Im looking for pictures of fin rot (in all stages, mild to severe) as well as regrowth, for a site as well as to show other members of this site who need reference. It might also help people recognize fin rot via the photos posted, rather than us all flail around looking for them, hah. (Its hard finding relevant searches on google about them to show! :c)

If anyone has any clear photos of the above that they are willing to allow me to use or re-distribute on this site as well as my own, I would appreciate it.

I of course will give proper credit, just PM me with the name you want credited and I will send the link to said credit for your validation <3
If you want it to only stay on this site, just put that with the picture  

Everything will help, goodness knows we get tons of fin rot questions here!

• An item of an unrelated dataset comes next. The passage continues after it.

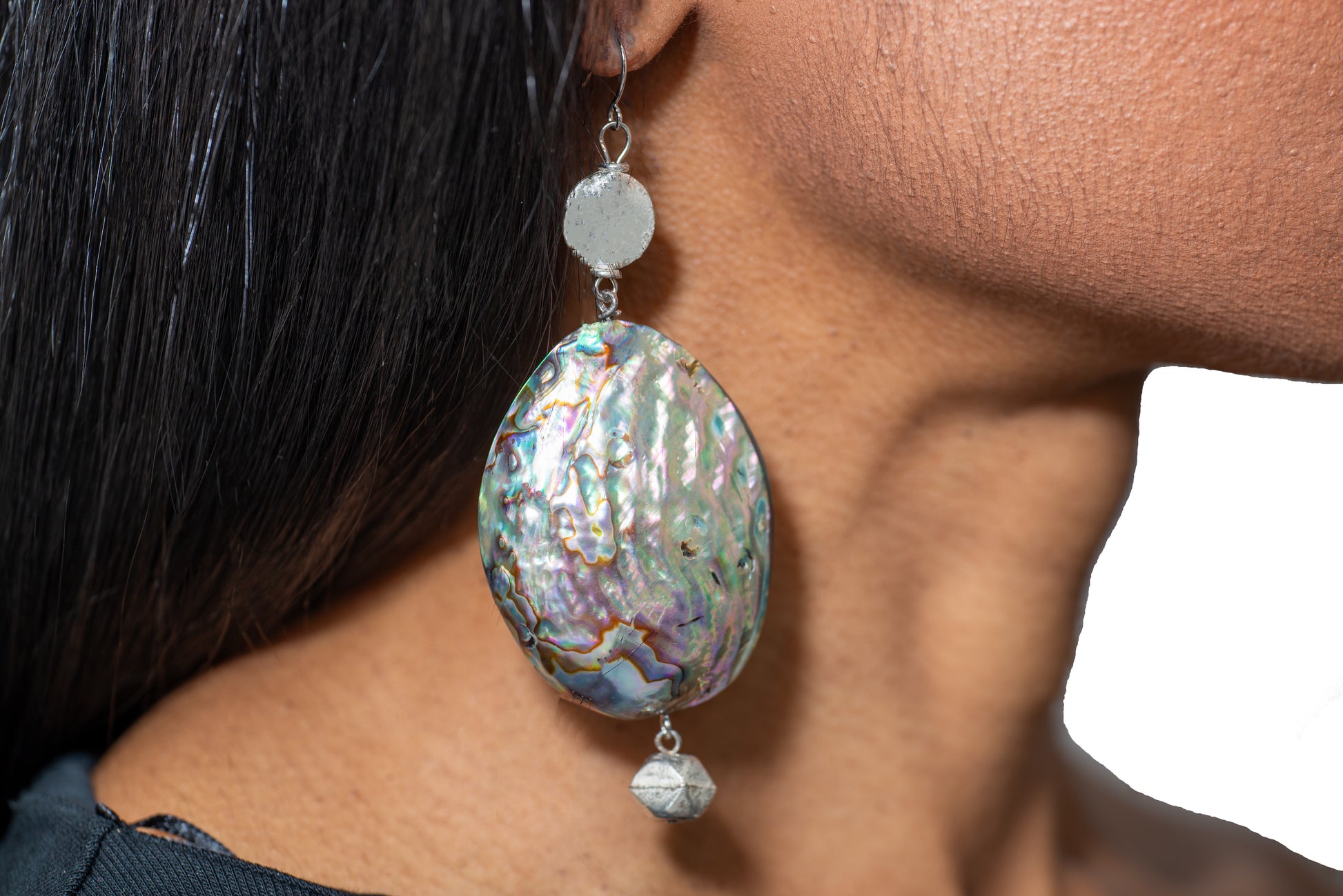 Abalone shell with silver colored accent beads. (Since this design contains natural components color variations will be present from piece to piece.)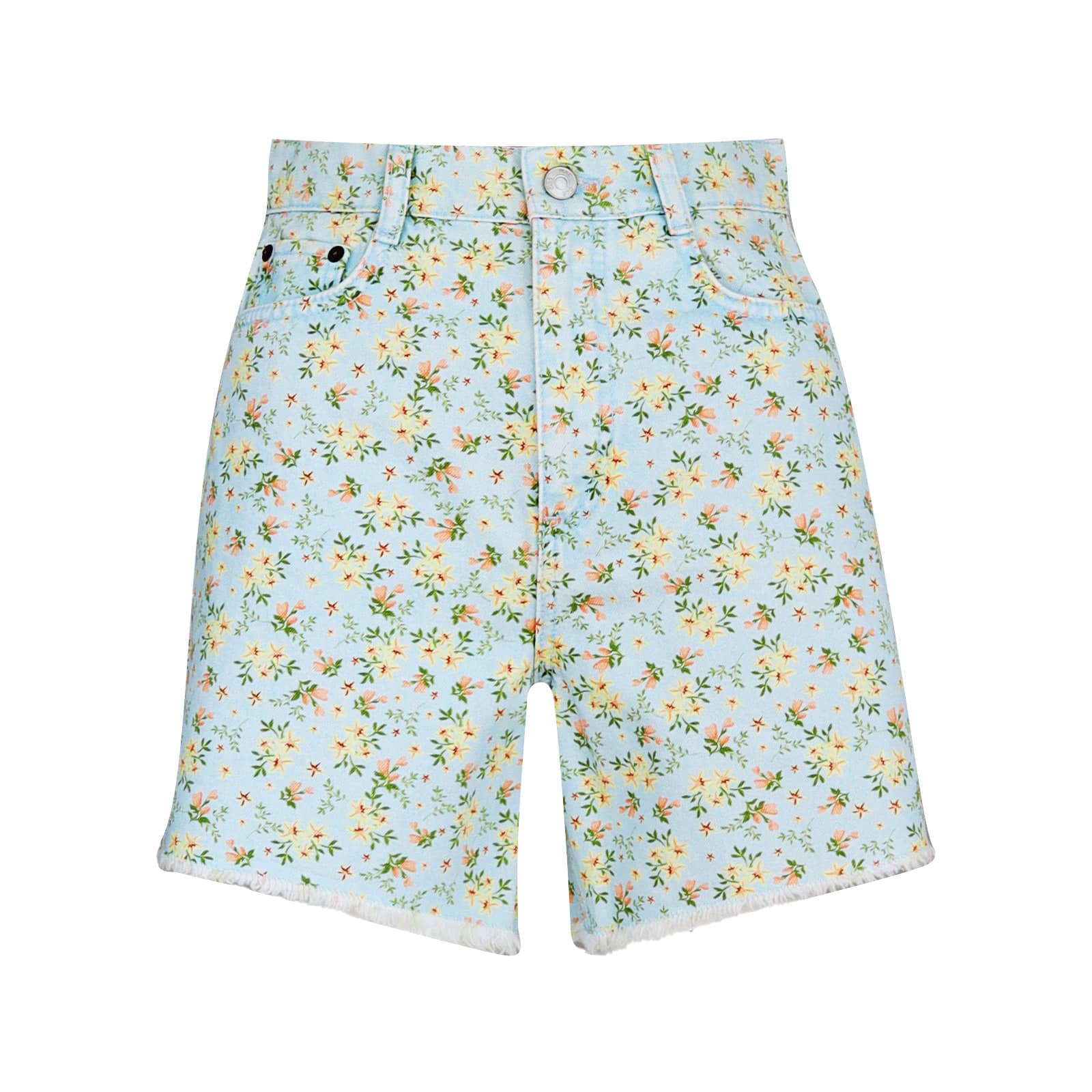 Lichtblauwe korte broek van MAC, model Shorty. Deze shorts is gemaakt van een denim stretch stof met bloemen, heeft een hoge taille en korte pijpen met fijne rafels. De korte broek sluit met een knoop- en ritssluiting, heeft twee steekzakken en twee achterzakken.

Please only post your own photos.

Oh thank you guys! 

And, if youre looking for fin rot help, Im sure someone will be happy to aid you, including myself.


----------



## nowzem (Apr 14, 2011)

Great idea! I've got a CT "rescue" with "minor" finrot (I hardly noticed (his fins are dark), except his fins look like he got a nice little" haircut"!) I'll try to get pics tomorrow


----------



## PewPewPew (Nov 26, 2010)

Thank you!

Im actually looking for minor ones to show another member right now >~<" Even with "minor" rot typed into google, you still get nothing for pics. Baahghhh


----------



## nowzem (Apr 14, 2011)

I know! It's frustrating! I'm sure that's what it is though because I held him up to the light and sure enough the tips have a black/gray tinge to 'em...I think most novice owners wouldn't have noticed because he's active and" healthy." So more pics will definitely help!


----------



## orphansparrow (Apr 30, 2011)

yangtze with very slight fin rot:



















compaired to his fully healthy fins:










(hard to tell, but here there is no splitting or "veining" on the ends)


----------



## nowzem (Apr 14, 2011)

I can't get a good picture...I'll try harder, but he's skittish and moves too much


----------



## Veronica (Jan 31, 2011)

I'm thinking it's even harder with a crown.....their tails/fins seem to have somewhat that shape to them naturally (at least mine does - I think it's CT; have to check the other forum again ;o)


----------



## nowzem (Apr 14, 2011)

Well you can see the black edges and his fins are much shorter than they should be...has nothing to do with the splits in his tail.


----------



## PewPewPew (Nov 26, 2010)

Sparrow, that actually just looks like tailbiting ! (Which is good..and bad lol)

Thank you all, I appreciate it. Any pictures are helpful, that way we can just reference this when people need help instead of scrambling about x_x


----------



## SillyCone (May 7, 2011)

This is my female betta I got it today from my LFS, bought 2 for the price of 1 cus she has fin rot.

She's extremely shy, in every possible way so it's hard to get a good photo, specially without batteries on my cams, is like "turn on, take photo, battery dies" lol!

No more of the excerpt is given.